Ce mode de scrutin pourrait en effet assurer effectivement à la commune une représentation conforme à l'orientation municipale qu'elle s'est choisie, tout en garantissant une représentation de la minorité municipale.
D'autres formules pourraient être trouvées, dès lors qu'elles préserveraient la cohérence entre le conseil municipal et la délégation communale au sein de la communauté.
La question apparaît plus complexe dans les communes de moins de 3.500 habitants où le mode de scrutin applicable conduit les électeurs à choisir leurs représentants nom par nom (possibilité de panachage).
La réflexion sur la détermination du mode de scrutin doit donc se poursuivre et une décision immédiate à ce sujet serait manifestement prématurée.
d) Réfléchir aux conséquences de la création éventuelle d'une nouvelle catégorie de collectivité territoriale
En effet, avec un territoire délimité, des compétences élargies, une fiscalité intégrée, un organe délibérant élu au suffrage universel direct, les communautés ne risqueraient-elles pas d'évoluer inévitablement vers le statut de collectivité territoriale ?
M. le président Christian Poncelet a opportunément rappelé, devant le dernier congrès de l'Association des maires de France et des présidents des communautés de France, que « nous devrons réfléchir à l'organisation institutionnelle de nos différents niveaux de collectivités locales , pour éviter que sa complexité croissante soit un obstacle à l'adhésion des Français. De ce point de vue, l'élection directe des instances intercommunales (...) me semble inséparable de cette réflexion puisqu'elle consacrera, de fait, la naissance d'une nouvelle catégorie de collectivités territoriales dans notre pays ».
Notre pays peut-il sans réflexion suffisante continuer « d'empiler » les échelons administratifs ?
Une telle question peut-elle être tranchée par le vote d'une disposition issue d'un amendement ?
e) Ne pas briser la confiance pour consolider l'intercommunalité
La décision sur cette question n'a rien d'urgent, puisque l'élection au suffrage universel direct des conseillers communautaires n'interviendrait pas, au plus tôt, avant 2007, année du prochain renouvellement général des conseils municipaux.
D'ailleurs, l'Assemblée nationale s'est elle-même limitée à l'adoption d'un principe, sans en fixer les modalités qui, on l'a vu, pour certaines d'entre elles méritent des investigations supplémentaires (par exemple, pour la détermination du mode de scrutin dans les communes de moins de 3.500 habitants). Le vote d'un principe sans valeur normative peut néanmoins avoir un certain impact qu'il ne faut pas négliger.
Votre rapporteur tient à souligner que l'intercommunalité a progressé ces dernières années parce qu'elle s'est réalisée dans un climat de confiance entre communautés et communes. La consolidation de l'intercommunalité suppose la préservation de cette confiance.

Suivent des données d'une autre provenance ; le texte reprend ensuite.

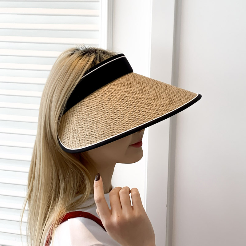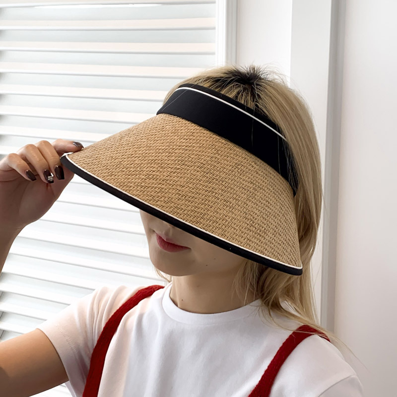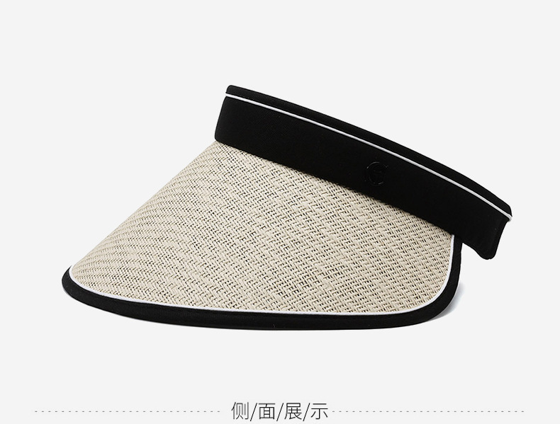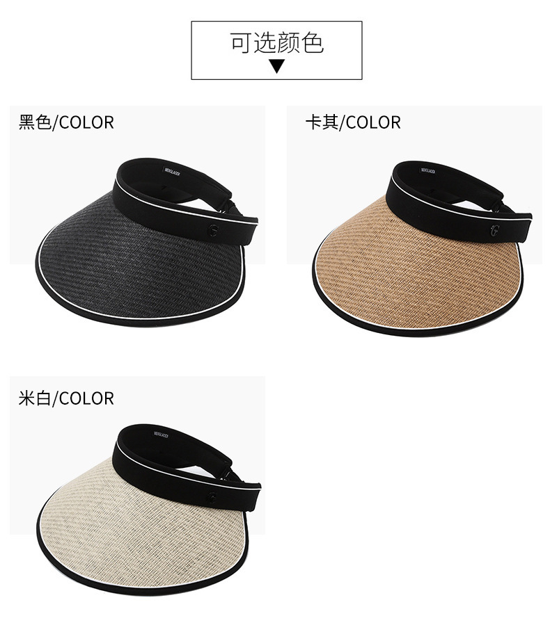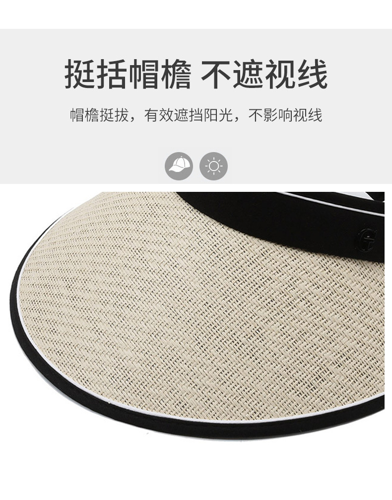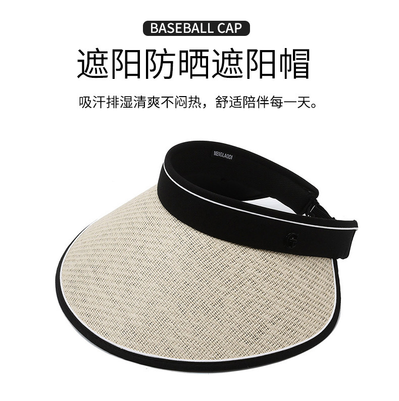 空顶遮阳防晒帽女夏季拉菲草加宽大帽檐遮脸棒球帽大头围太阳帽潮

Une annonce par voie législative du changement de mode d'élection des délégués intercommunaux doit, pour ne pas compromettre cette confiance indispensable à la coopération intercommunale, être assortie de principes rigoureux qui fixent des orientations préservant l'identité communale.

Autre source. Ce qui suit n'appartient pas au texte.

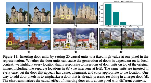 也可以通过强制单元和插入这些功能到场景中的特定位置来学习GAN的操作。图11显示了在教堂场景中插入20层门单元的效果。
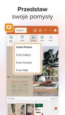 MobiOffice to kompleksowe rozwiązanie biurowe, które zmienia sposób, w jaki pracujesz z dokumentami tekstowymi, arkuszami kalkulacyjnymi i prezentacjami. Dzięki szerokiej gamie zaawansowanych narzędzi, takich jak malarz formatów, śledzenie zmian, formatowanie warunkowe czy tryby prezentacji, zyskujesz pełną kontrolę nad swoimi projektami. Znajomy interfejs sprawia, że nawigacja jest intuicyjna i przyjemna, a rozbudowane opcje zabezpieczeń chronią Twoje dane. Z łatwością eksportuj swoje pliki Word, Excel czy PowerPoint do uniwersalnego formatu PDF, zachowując ich oryginalny wygląd.
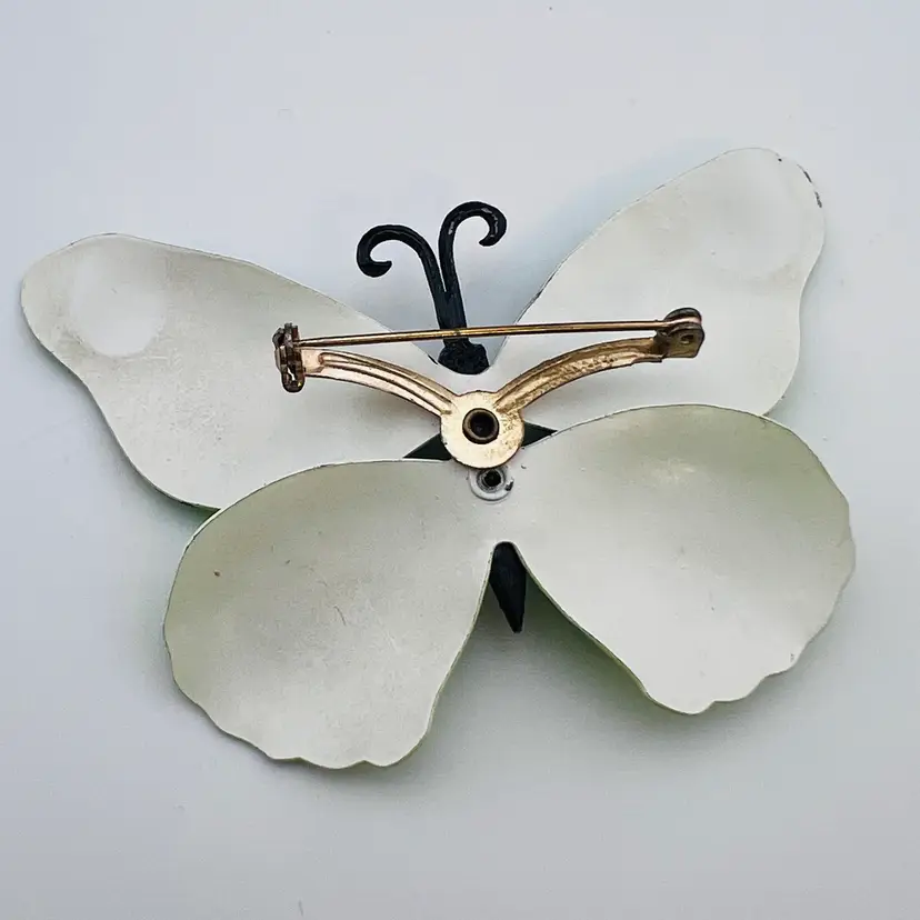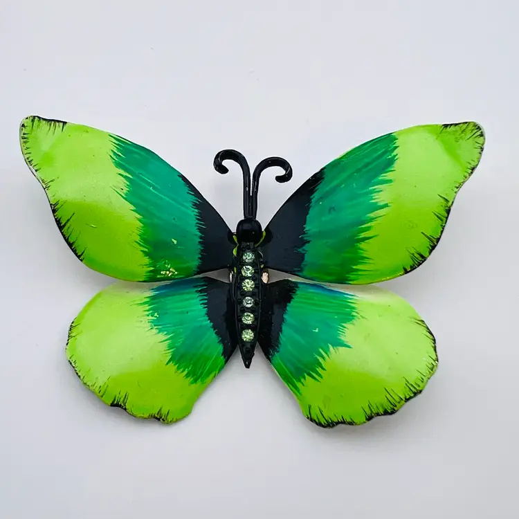 Vintage Mod Bright Green Enamel Uranium Rhinestone Butterfly Brooch

Devant le congrès des l'Association des maires de France et des présidents de communautés de France, M. Christian Poncelet, président du Sénat, a affirmé à juste titre que « l'élection directe ne peut être que le couronnement d'un processus intercommunal réussi ». Il a ajouté que « prendre une décision dès aujourd'hui serait à la fois prématuré, inutile, voire contre-productif ».

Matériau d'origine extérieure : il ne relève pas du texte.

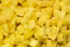 Piña 100% natural picada y congelada. Presentación de 400 gramos lista para jugos y preparaciones saludables.

On observera, en outre, qu'un engagement prématuré vers l'élection au suffrage universel direct des conseillers communautaires pourrait avoir aussi pour conséquence, dans les faits, de figer des périmètres de communautés alors que certaines évolutions pourraient s'avérer utiles.
Si retenir le principe, à la condition de l'encadrer strictement afin de préserver l'identité communale , apparaît possible, en revanche, il est indispensable de poursuivre la réflexion avant d'en arrêter les modalités et la date de mise en oeuvre.